# Bull graph

Bull graph
The Bull graph
Vertices 5
Edges 5
Diameter 3
Girth 3
Automorphisms 2 (Z/2Z)
Chromatic number 3
Chromatic index 3
Properties Planar
Unit distance

In the mathematical field of graph theory, the bull graph is a planar undirected graph with 5 vertices and 5 edges, in the form of a triangle with two disjoint pendant edges.[1]

It has chromatic number 3, chromatic index 3, radius 2, diameter 3 and girth 3. It is also a block graph, a split graph, an interval graph, a claw-free graph, a 1-vertex-connected graph and a 1-edge-connected graph.

## Bull-free graphs

A graph is bull-free if it has no bull as an induced subgraph. The triangle-free graphs are bull-free graphs, since every bull contains a triangle. The strong perfect graph theorem was proven for bull-free graphs long before its proof for general graphs,[2] and a polynomial time recognition algorithm for Bull-free perfect graphs is known.[3]

Maria Chudnovsky and Shmuel Safra have studied bull-free graphs more generally, showing that any such graph must have either a large clique or a large independent set (that is, the Erdős–Hajnal conjecture holds for the bull graph),[4] and developing a general structure theory for these graphs.[5][6][7]

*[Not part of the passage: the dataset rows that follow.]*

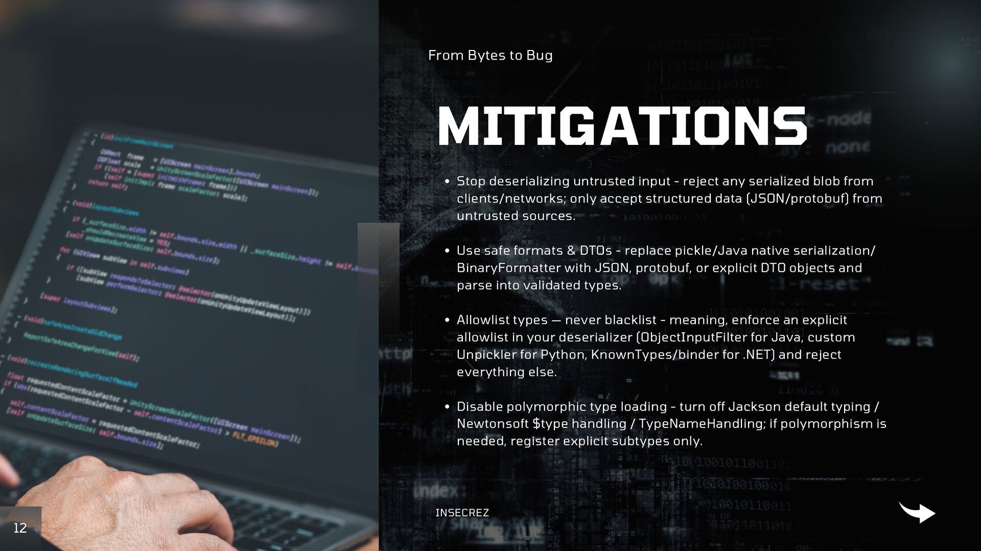 serialized blob from clients/networks; only accept structured data (JSON/protobuf) from untrusted sources. Use safe formats & DTOs - replace pickle/Java native serialization/ BinaryFormatter with JSON, protobuf, or explicit DTO objects and parse into validated types. Allowlist types — never blacklist - meaning, enforce an explicit allowlist in your deserializer (ObjectInputFilter for Java, custom Unpickler for Python, KnownTypes/binder for .NET) and reject everything else. Disable polymorphic type loading - turn off Jackson default typing / Newtonsoft $type handling / TypeNameHandling; if polymorphism is needed, register explicit subtypes only. From Bytes to Bug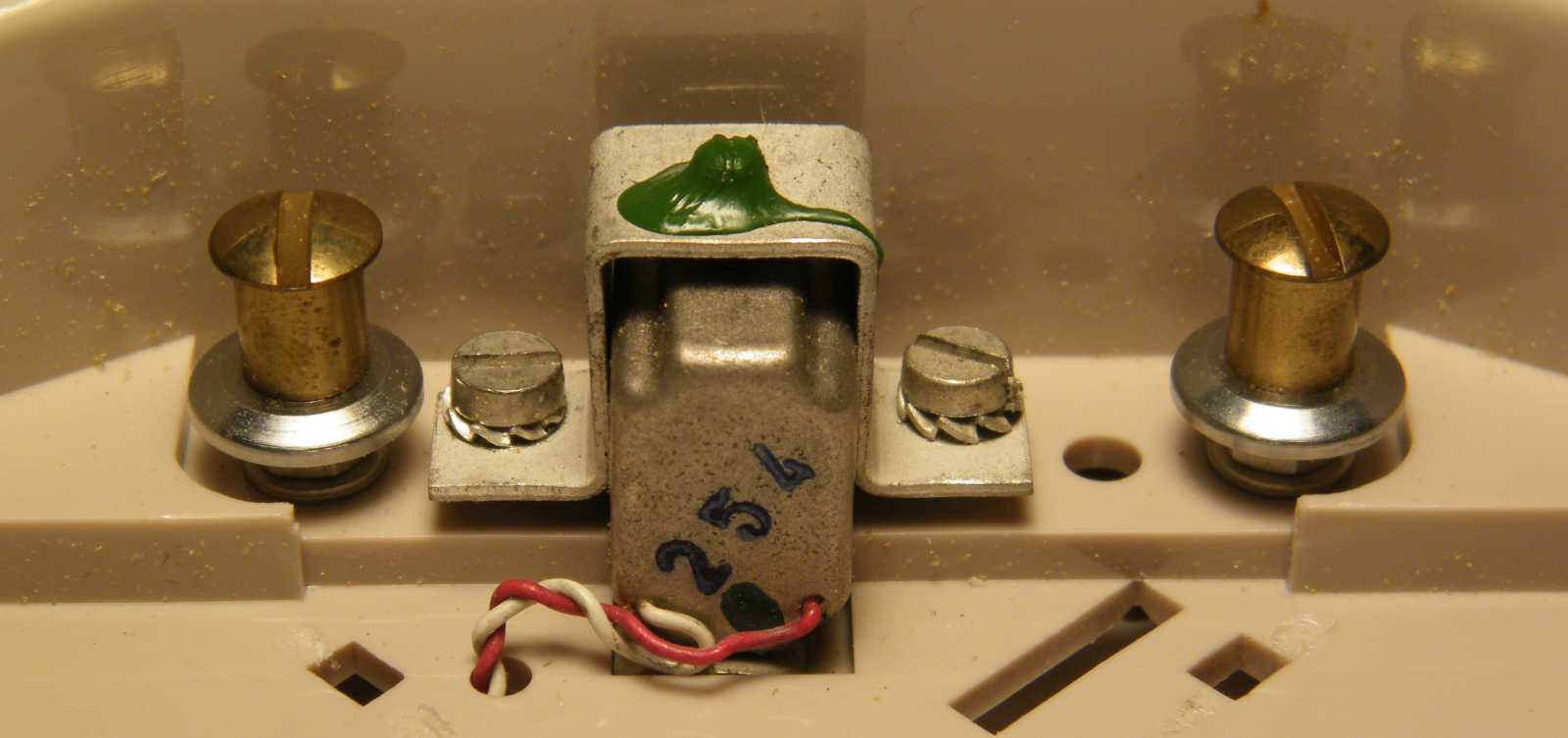 Amit ezen a képen látunk, az a hálózati feszültségválasztó kapcsoló, ami valaha (még az elektroncsöves időkben) egy ennél sokkalta komolyabb szerkezet volt. Már úgy értem, hogy ez azért nagyon igénytelen. |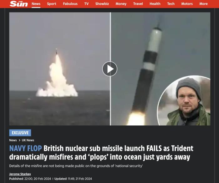 該部在發(fā)給《太陽報》的一份聲明中表示:“‘先鋒’號及其船員已被證明完全有能力操作英國的海上威懾力量。此次試射再次證實了英國核威懾力量的有效性,我們對此擁有絕對信心。測試過程中出現(xiàn)了異常情況。出于國家安全的考慮,我們無法提供有關(guān)此問題的進一步信息,但我們相信該異常是針對特定事件的,因此對更廣泛的‘三叉戟’導彈系統(tǒng)和庫存的可靠性沒有影響。”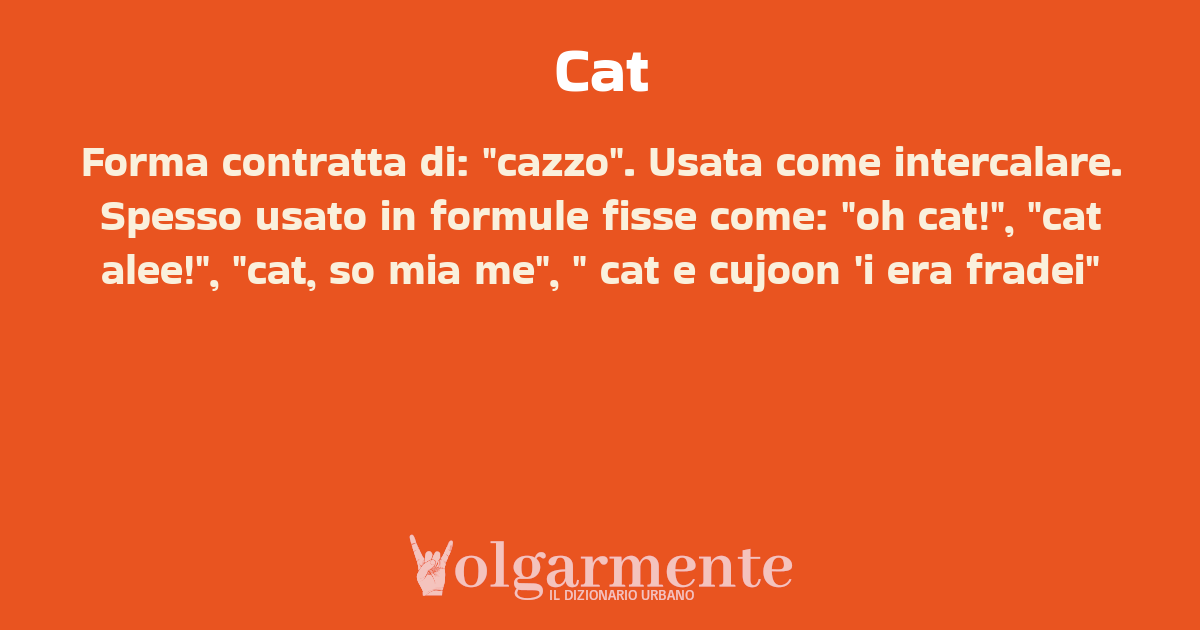 su0 down0 +0 Forma contratta di: "cazzo". Usata come intercalare. Spesso usato in formule fisse come: "oh cat!", "cat alee!", "cat, so mia me", " cat e cujoon 'i era fradei" da Anonimo Cremona, CR, Lombardia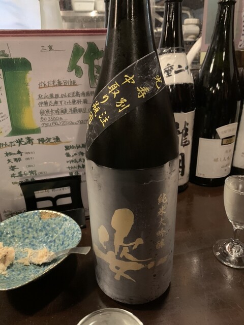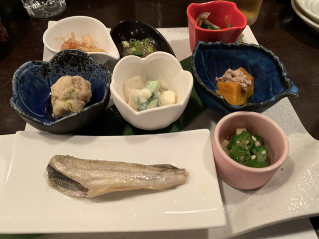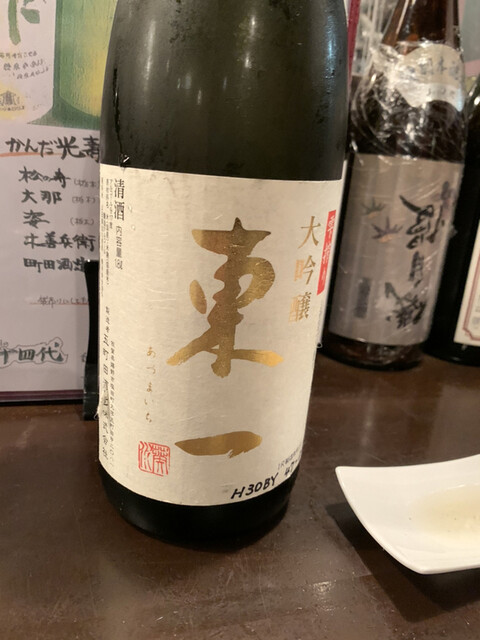 この日は先ず、あん肝煮、レバーペースト、砂肝の葱塩、雌株とろろ、鮪角煮、豚味噌、ナメコ、らっきょうの味噌漬けと言うラインナップ。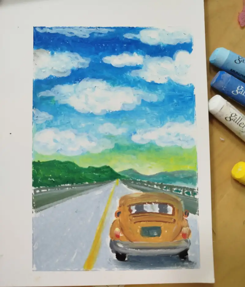 오일파스텔로 예쁘게 해보고싶었는데 쉽지않다.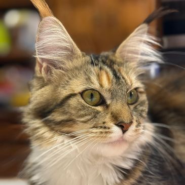 Esme brings it all to the table! With her striking green eyes, she is a blotched torbie (tortie tabby) showcasing a truly exotic pattern. As a CFA registered Maine Coon, she represents the best of Maine Coon breeding.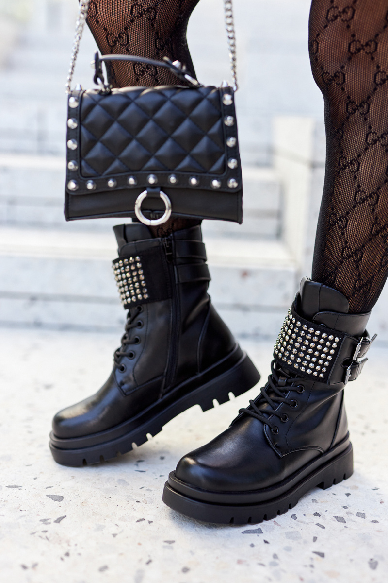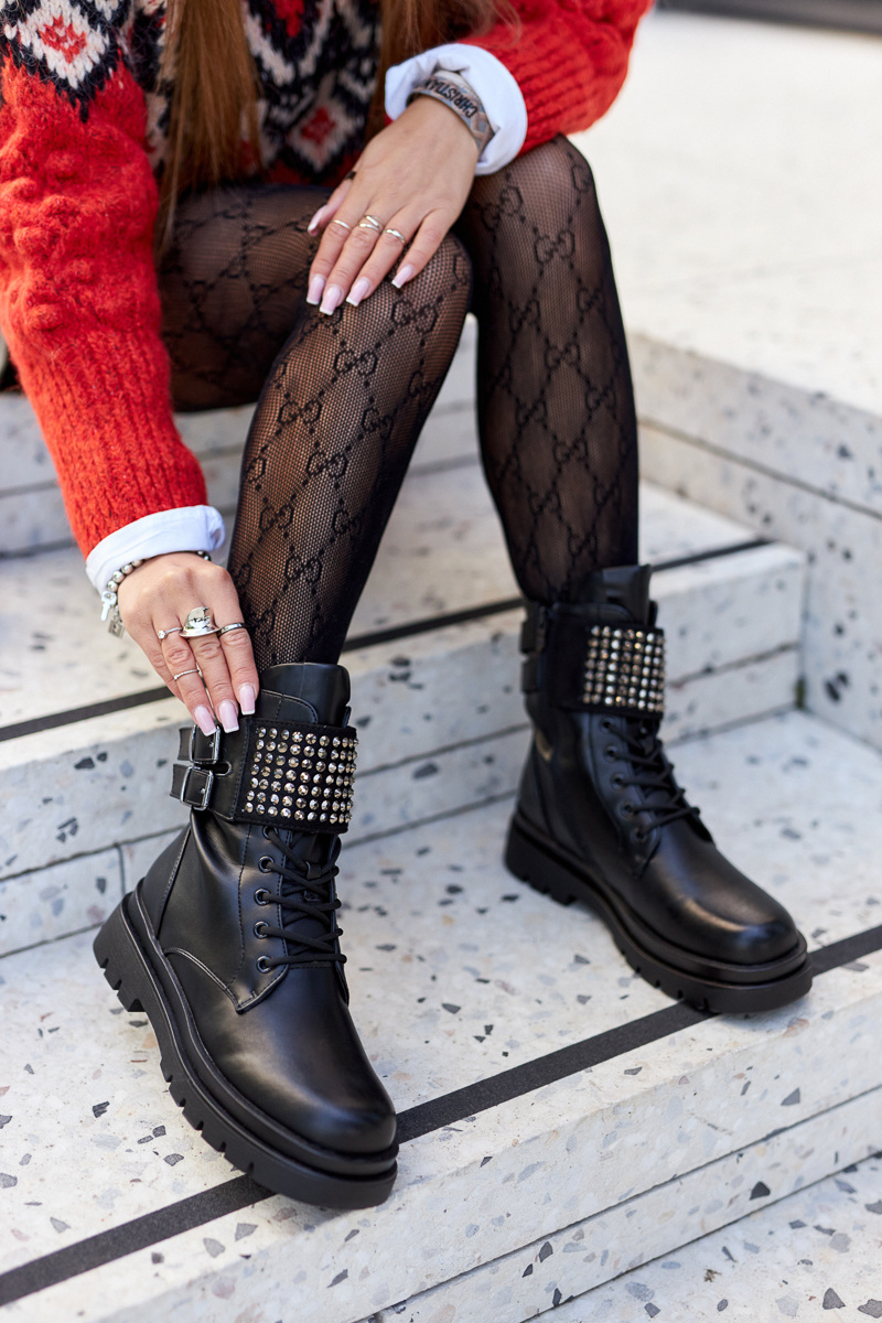 High baggers made of ecological leather. With a zipper on the side for easy putting on the shoes. Insulated with shoe blanket. Decorative studs and buckles underline the uniqueness of these shoes. They also have a binding. When choosing the size, please refer to the size chart.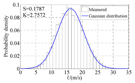 In Equations (16) and (17), n is the sample size, is the sample mean, and is the sample standard deviation. This paper discusses whether the probability density of wind speed in the whole process of typhoon landing conforms to Gaussian distribution. Figure 14 shows the probability density of total samples in the entire landing process of Typhoon Sarika. The skewness coefficient is 0.1787 and the kurtosis coefficient is 2.7572 during the landing process of Sarika. Criteria of and are used for judging whether the probability density of the sample follow a Gaussian distribution. Therefore, the wind speed samples follow the Gaussian distribution during the landing process of Typhoon Sarika.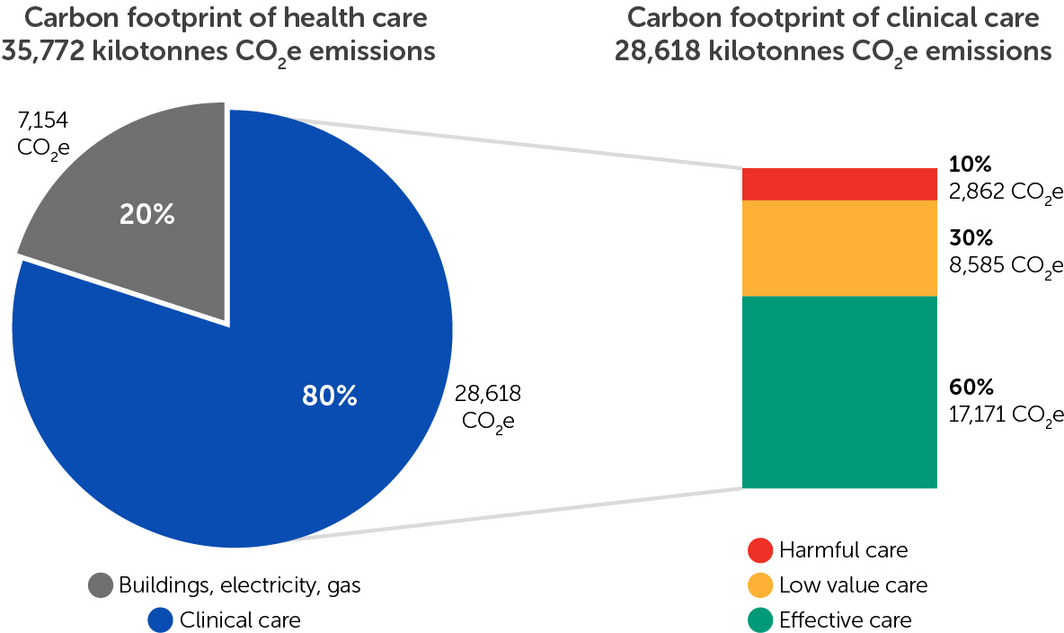 Greening hospitals’ electricity and water supplies and ending use of fossil gas is essential, but clearly changes to models of clinical care are also needed. This is where two key challenges to health system sustainability — low value care and climate risk — intersect, and why better value, low carbon emissions models of clinical care are urgently needed.

## Chromatic and characteristic polynomial

The three graphs with a chromatic polynomial equal to ${\displaystyle (x-2)(x-1)^{3}x}$.

The chromatic polynomial of the bull graph is ${\displaystyle (x-2)(x-1)^{3}x}$. Two other graphs are chromatically equivalent to the bull graph.

Its characteristic polynomial is ${\displaystyle -x(x^{2}-x-3)(x^{2}+x-1)}$.

Its Tutte polynomial is ${\displaystyle x^{4}+x^{3}+x^{2}y}$.

## References

1. ^
2. ^ Chvátal, V.; Sbihi, N. (1987), "Bull-free Berge graphs are perfect", Graphs and Combinatorics, 3 (1): 127–139, doi:10.1007/BF01788536.
3. ^ Reed, B.; Sbihi, N. (1995), "Recognizing bull-free perfect graphs", Graphs and Combinatorics, 11 (2): 171–178, doi:10.1007/BF01929485.
4. ^ Chudnovsky, M.; Safra, S. (2008), "The Erdős–Hajnal conjecture for bull-free graphs", Journal of Combinatorial Theory, Series B, 98 (6): 1301–1310, doi:10.1016/j.jctb.2008.02.005.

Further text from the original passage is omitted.